3. Neglecting identity management- Since I've not worked in environments over with over 500 employees, I've not had to worry much about identity management. Sadly, gaining any type of knowledge here is difficult, as so many sources pretty much say, "you need identity management, here's kinda what it is" but never discuss what products work, what don't, pros and cons of each, or even how to properly implement it from user acceptance to technical specs. This is one of my biggest issues with a lot of trade mags, especially vendor/ad supported mags that otherwise get sent free. They talk in general terms without actually giving me, an IT doer, much substance. Someday I'd like to examine identity management systems, but so far I've not seen a need for it in current environments. If I could make my own home-brew setup with little costs (maybe a USB fob and open source software), I would love to add that to my projects list.
4. Ignoring the insider threat- Most articles talk about how the insider threat needs attention, but never explain what to do, even in the most elementary terms. This piece goes one step further than most by saying one should monitor employee network use, harden the internal network, use internal network IPS to filter at the switch level, review and test internal access controls, and limit explicit trust in pretty much everyone. This is a good start, but spending money on this can be difficult as not many people really want to think about insider attacks. HR and management like to trust their employees while IT security tends to distrust pretty much everyone. This is just a matter of having different viewpoints, and can be a hard topic to effectively discuss. I think I would add in that not just empoyee use should be monitored, but all internal system logs as well, especially for odd connections, failed authentications, IPS/IDS alerts, and mysterious local account creation. Internal routers and firewalls can help segment things quite nicely and put off the bear of hardening all systems, at least for a while.

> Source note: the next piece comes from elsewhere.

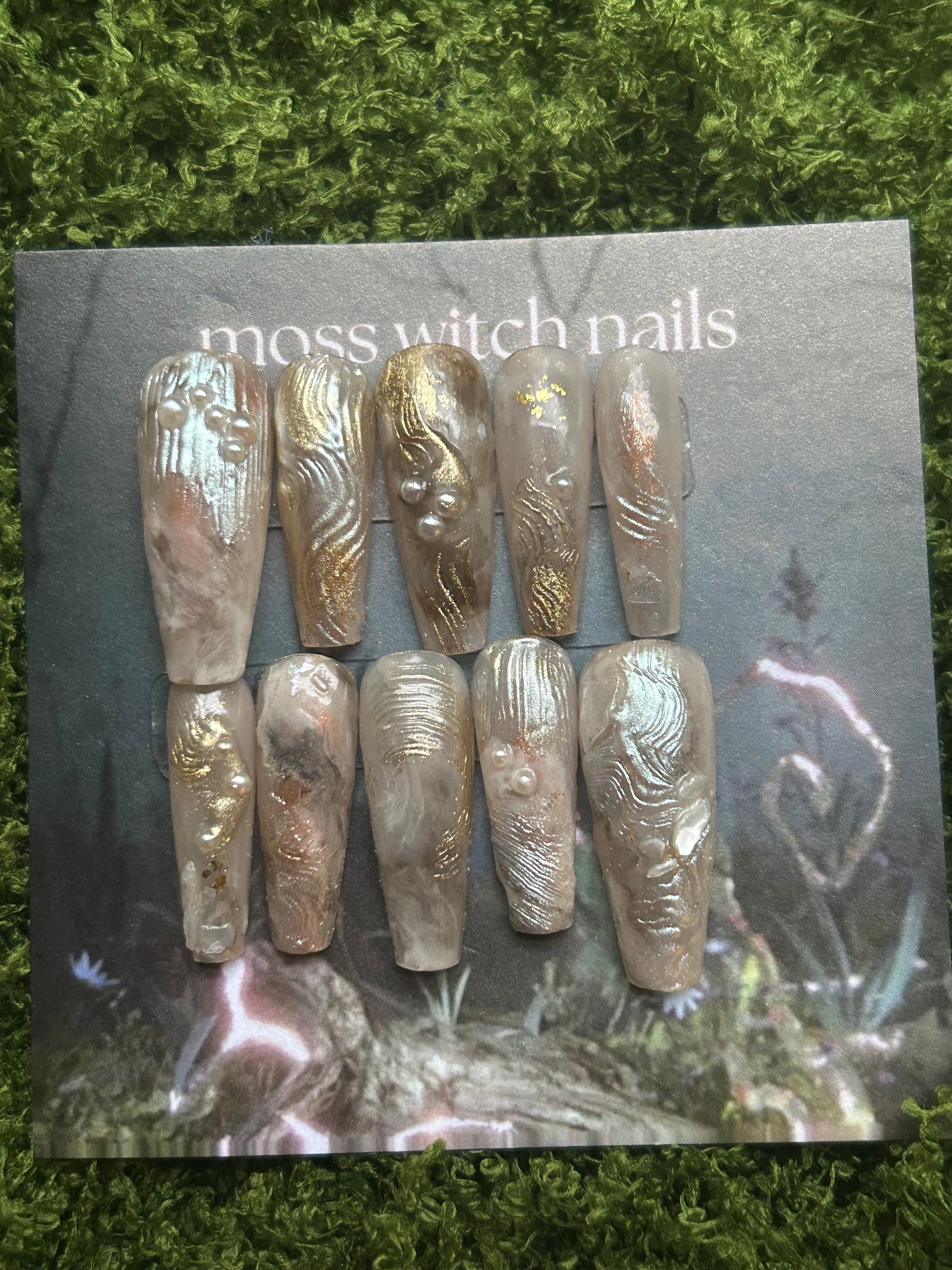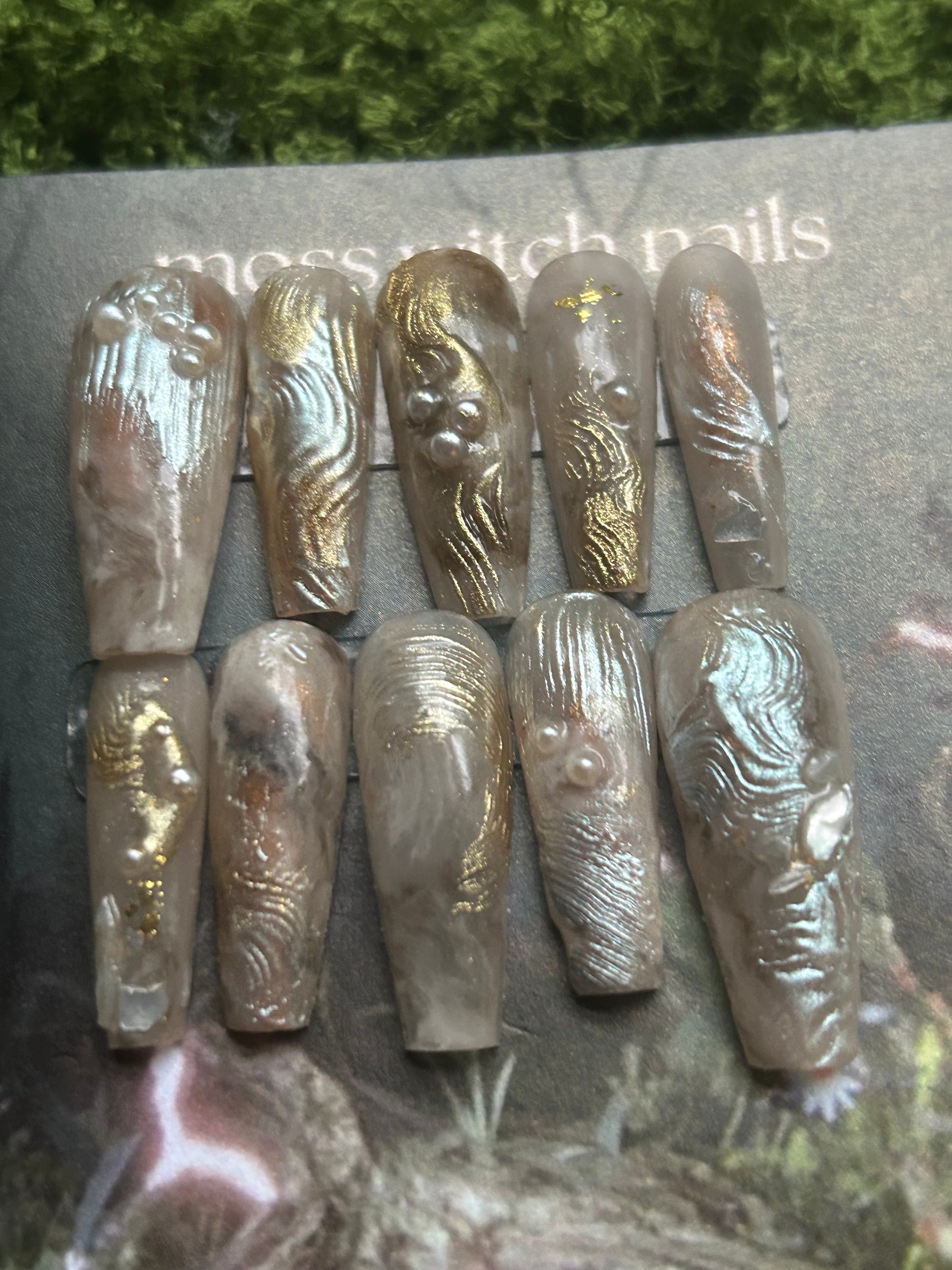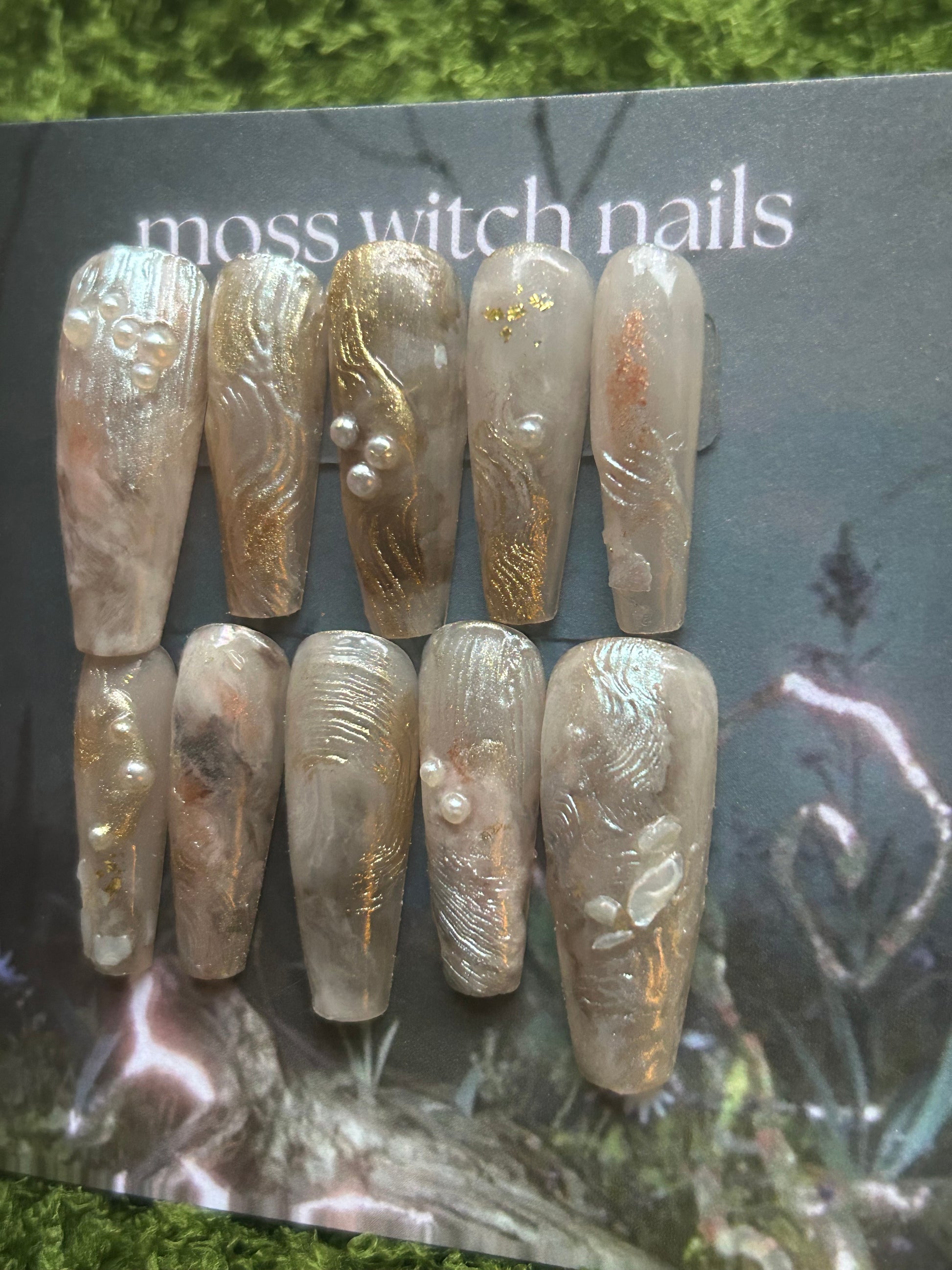 Due to the handmade nature of these nails, each order is completely unique & may slightly differ from the photo….making every set one of a kind.
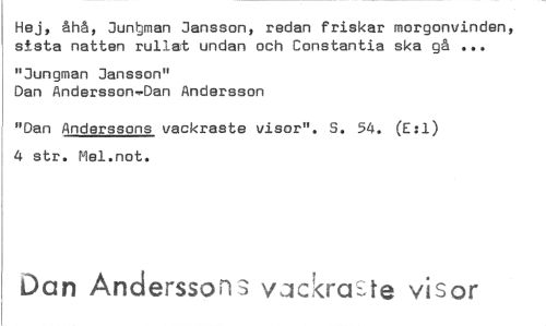 //// Hej, åhå, Junbman Jansson, redan friskar morgonvinden, sista natten rullat undan och Constantia ska gå ... //// "Jungman Jansson" //// Dan Andersson-Dan Andersson //// "Dan Anderssons vackraste visor". S. 54. (E:1) 4 str. Mel.not. //// Dan Andersson v4ckrate visor ////

5. Not protecting web appliances- This was a shaky article, but I like the identification of three levels to protect when it comes to web servers: the host (OS), the server infrastructure (IIS/Apache I believe he meant), and the web application. The host and the infrastructure or no-brainers, really. The web app is the dicey part. In my experience, infrastructure (network and sysadmin roles) is not married with application development, in fact, these teams tend to work in opposition to each other. Likewise, security tends to fall in the middle somewhere. Infrastructure may bring it up and even test it, but typically we are hands-off when it actually comes to code changes. Whenever talking about web site security strategies from an infrastructure viewpoint, defense in depth must always be used. Assume there will be vulnerabilities in the web app, and plan to mitigate them. If development and infrastructure work well together, it will be a cold day in hell... :(
6. Buying products with the most bells and whistles- This is an interesting item, and I think is a product of poor training, lack of time to make accurate assessments and decisions in the face of sales propoganda, and lack of having a security architecture or plan. Sadly, I often hear about how appliances are purchased and forced into an environment because some senior manager read about it in a magazine and demanded it, all without truly evaluating the needs, the best solutions, or determining if there is a need for more staff to properly manage. A spiffy buzzword logging device is useless if no one is looking at the log reports or investigating the reported issues.